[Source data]
++++++++++

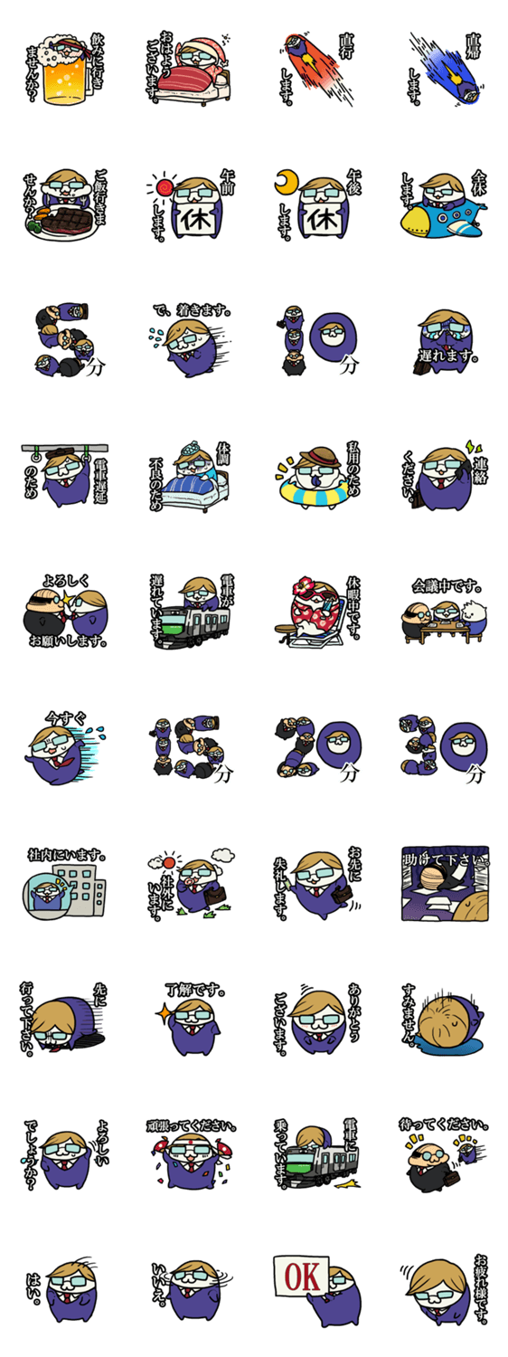 スタンプ説明 仕事が忙しくて返事を入力する時間も惜しい。でも伝えることはしっかり伝えたい。そんなサラリーマンにおすすめのスタンプ。
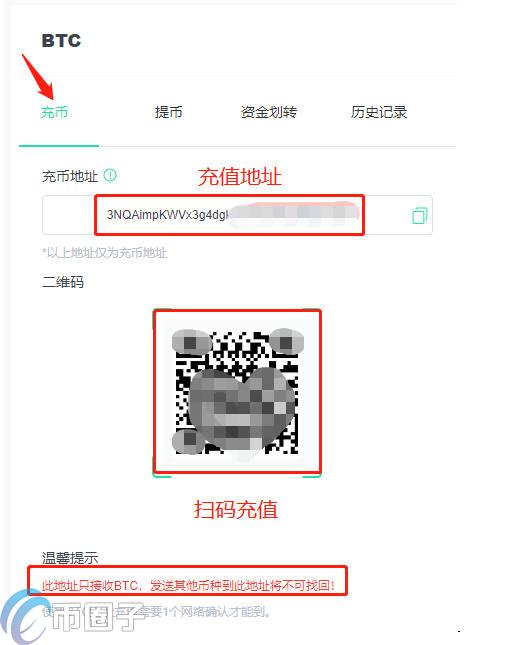 还可以扫描二维码,并使用对应资产转出(提现)平台的手机客户端来扫描二维码,进行充值。
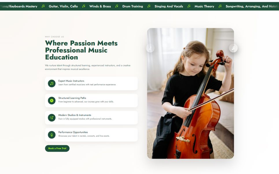 Aegis focuses on what music institutions need most: clear course presentation, easy contact, and attractive media showcases. The template includes dedicated sections for programs, instructors, testimonials, pricing, and FAQs, allowing visitors to understand your academy at a glance and quickly take action.
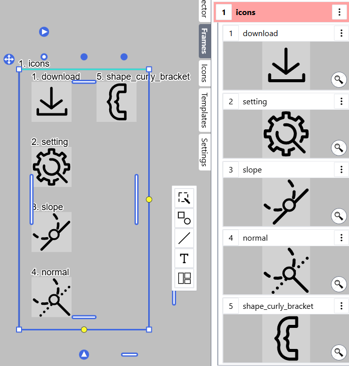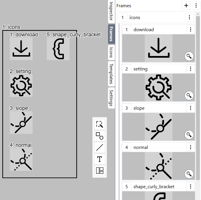 Frame shapes create sections in the canvas. Shapes on a frame shape are treated as if they were children of the frame shape without grouped.
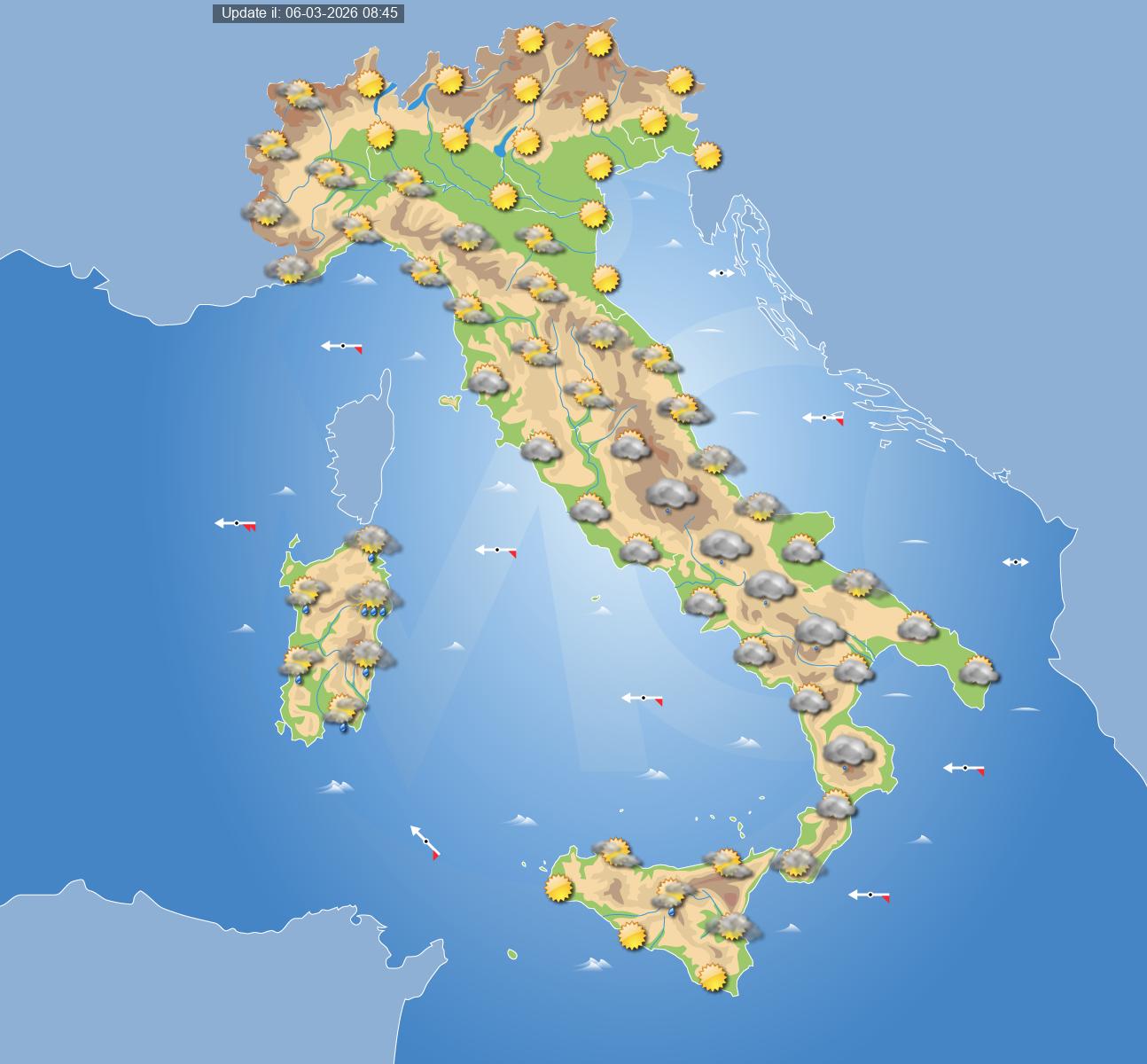 Al Sud e sulle Isole: Al mattino molte nubi sulle regioni peninsulari ma con tempo asciutto, soleggiato sulla Sicilia e qualche pioggia sulla Sardegna. Al pomeriggio instabilità in aumento con acquazzoni sparsi sulla Sardegna e locali fenomeni anche lungo l'Appennino e settori interni della Sicilia. In serata e in nottata residui fenomeni tra Calabria e Basilicata, più asciutto altrove ma ancora molte nubi. Temperature minime e massime stazionarie o in lieve rialzo. Venti deboli o moderati dai quadranti orientali. Mari poco mossi o localmente mossi.
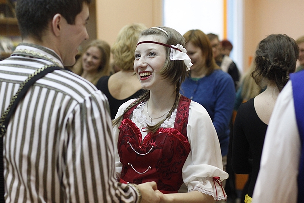 Молодежная вечеринка «Ночь среди книг» началась в 18 часов и сразу же увлекла гостей латиноамериканскими ритмами. На мастер-классе школы танцев «Armeny Casa» почти два десятка участников библионочи учились танцевать бачату – один из самых простых латиноамериканских танцев, который зародился в 30 годы прошлого века в Доминикане. Возможность потанцевать на библионочи представлялась еще трижды – своими умениями делились танцевальный коллектив «Tanzkreis», студия «Шпильки» и другие коллективы.
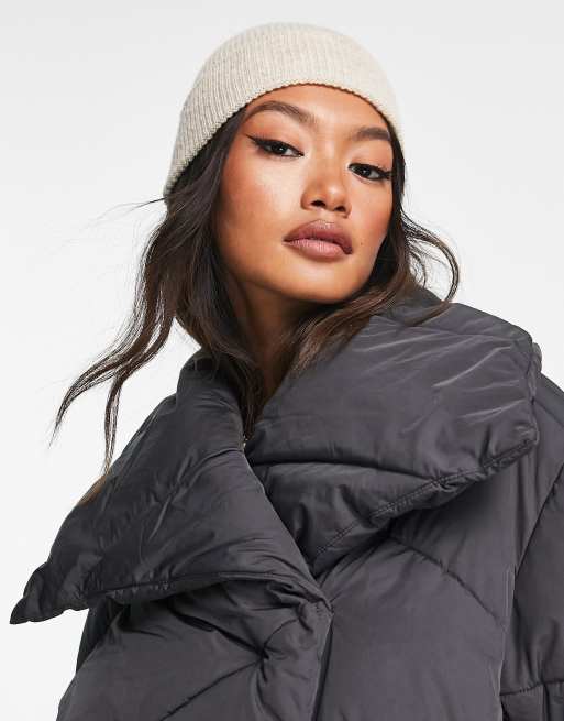 ASOS DESIGN Doudoune longue chevrons effet peau de p che Anthracite Very well made.
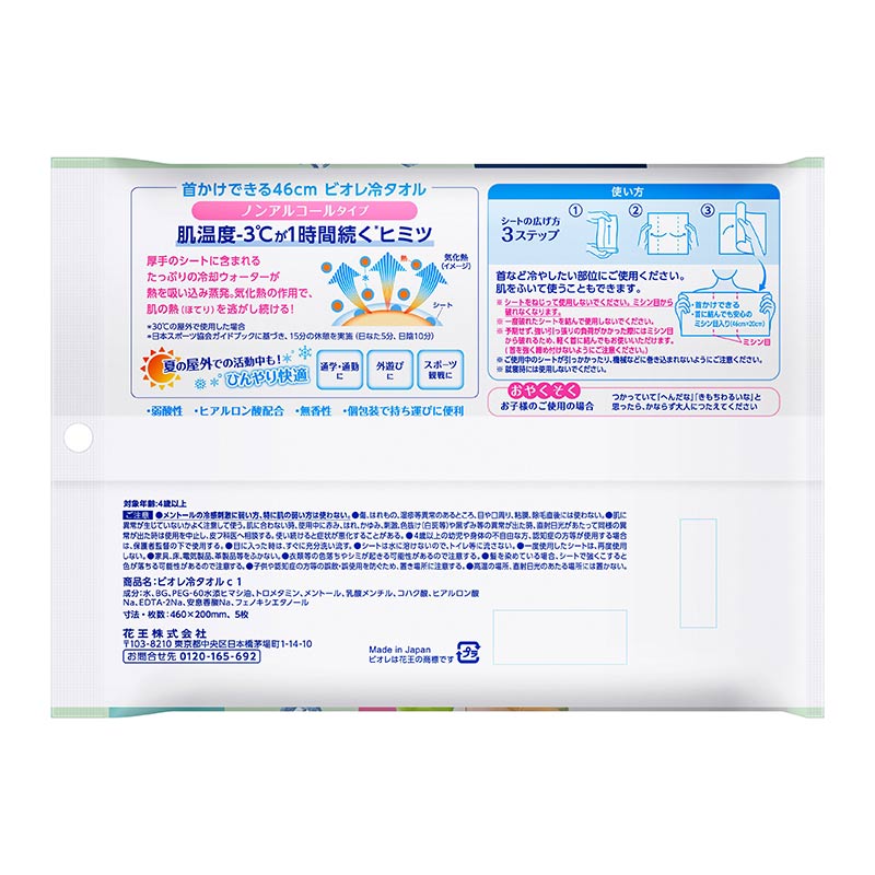 ●内容量:個装(1枚入)×5包 ●タオルサイズ:460㎜×200㎜ ●成分:成分:水、BG、PEG-60水添ヒマシ油、トロメタミン、メントール、乳酸メンチル、コハク酸、ヒアルロン酸Na、EDTA-2Na、安息香酸Na、フェノキシエタノール
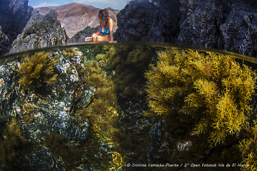 Redacción/Cristina Camacho Puerta, ganadora del premio otorgado por el jurado popular a la mejor fotografía del mes de septiembre, el premio del jurado popular a la mejor fotografía del mes de septiembre en el 2º Open Fotosub Online “El Hierro, un Puerto de Vida”, ha recaído sobre la fotógrafa Cristina Camacho Puerta. La imagen presentada dentro de la categoría “Algas”, nos muestra una imagen mitad dentro del agua con el fondo y paredes de la roca cubiertas de algas, y mitad fuera con una modelo descansando sobre las rocas. La fotografía fue realizada durante el mes de septiembre con el Centro de buceo El Bajón, colaborador oficial del Open Fotosub Online.
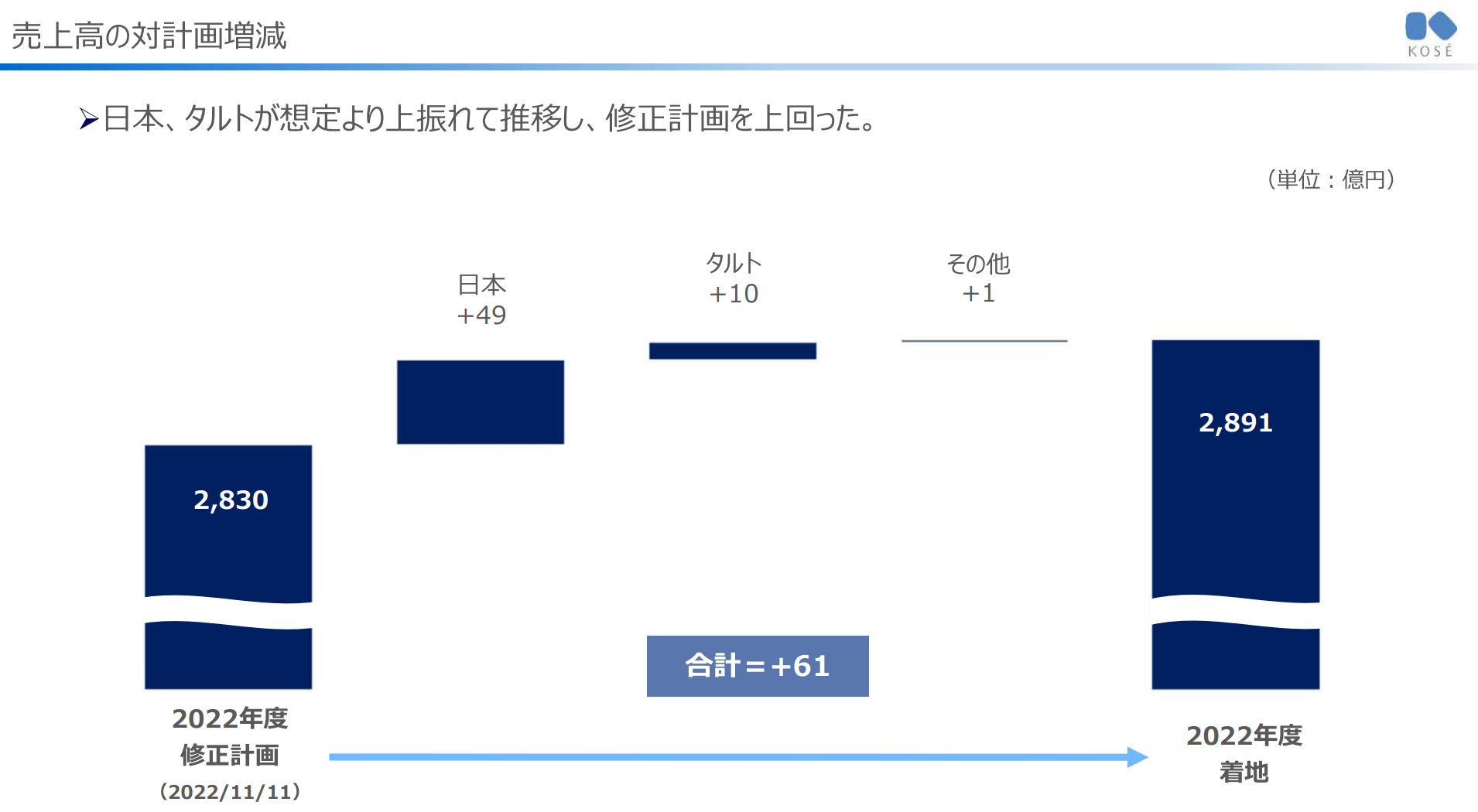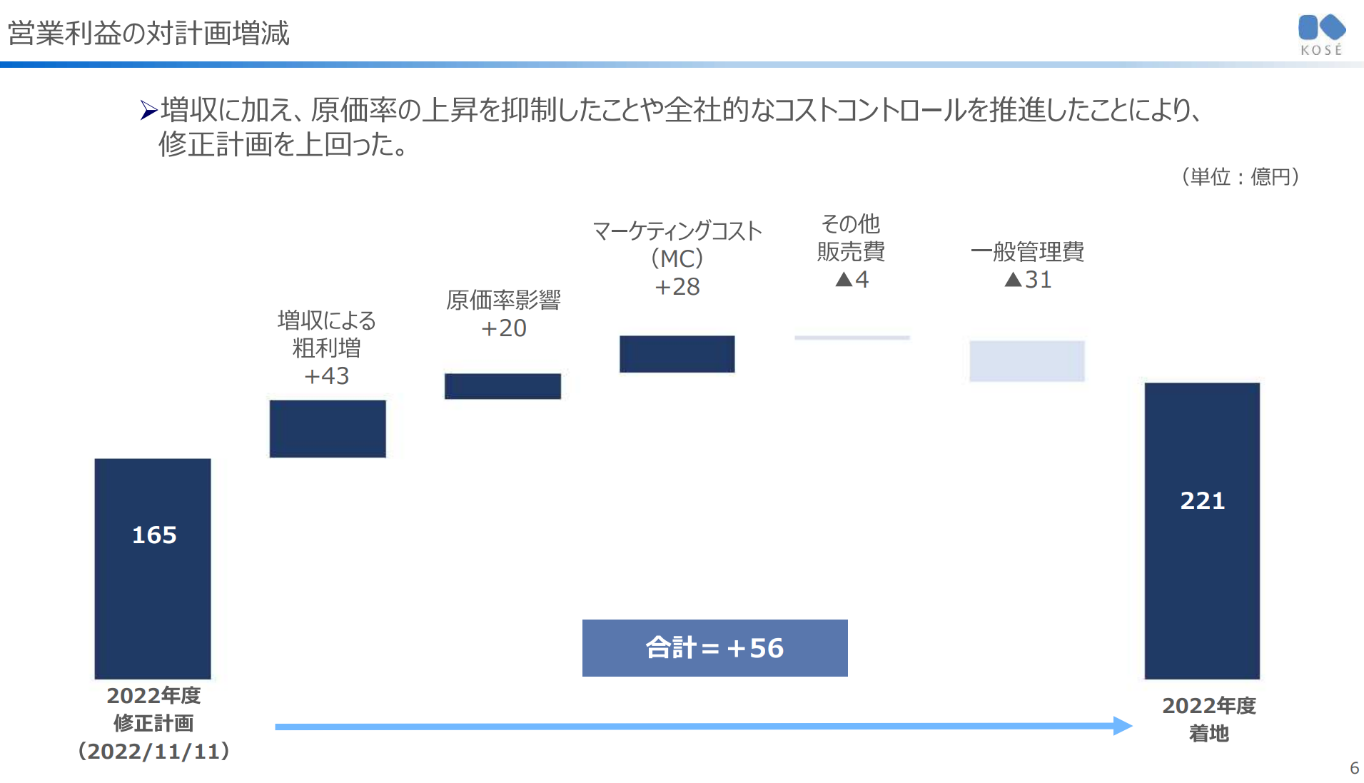 증수에 더해, 원가율의 상승을 억제한 것 및 전사적인 Cost Control을 추진한 것에 의해 수정계획을 상회함

++++++++++

### [Task]
Give again, exactly, the lines starting at the first entry above and ending at the line with "и другие коллективы."; please leave pictures out.

### [Solution below]
 スタンプ説明 仕事が忙しくて返事を入力する時間も惜しい。でも伝えることはしっかり伝えたい。そんなサラリーマンにおすすめのスタンプ。
 还可以扫描二维码,并使用对应资产转出(提现)平台的手机客户端来扫描二维码,进行充值。
 Aegis focuses on what music institutions need most: clear course presentation, easy contact, and attractive media showcases. The template includes dedicated sections for programs, instructors, testimonials, pricing, and FAQs, allowing visitors to understand your academy at a glance and quickly take action.
 Frame shapes create sections in the canvas. Shapes on a frame shape are treated as if they were children of the frame shape without grouped.
 Al Sud e sulle Isole: Al mattino molte nubi sulle regioni peninsulari ma con tempo asciutto, soleggiato sulla Sicilia e qualche pioggia sulla Sardegna. Al pomeriggio instabilità in aumento con acquazzoni sparsi sulla Sardegna e locali fenomeni anche lungo l'Appennino e settori interni della Sicilia. In serata e in nottata residui fenomeni tra Calabria e Basilicata, più asciutto altrove ma ancora molte nubi. Temperature minime e massime stazionarie o in lieve rialzo. Venti deboli o moderati dai quadranti orientali. Mari poco mossi o localmente mossi.
 Молодежная вечеринка «Ночь среди книг» началась в 18 часов и сразу же увлекла гостей латиноамериканскими ритмами. На мастер-классе школы танцев «Armeny Casa» почти два десятка участников библионочи учились танцевать бачату – один из самых простых латиноамериканских танцев, который зародился в 30 годы прошлого века в Доминикане. Возможность потанцевать на библионочи представлялась еще трижды – своими умениями делились танцевальный коллектив «Tanzkreis», студия «Шпильки» и другие коллективы.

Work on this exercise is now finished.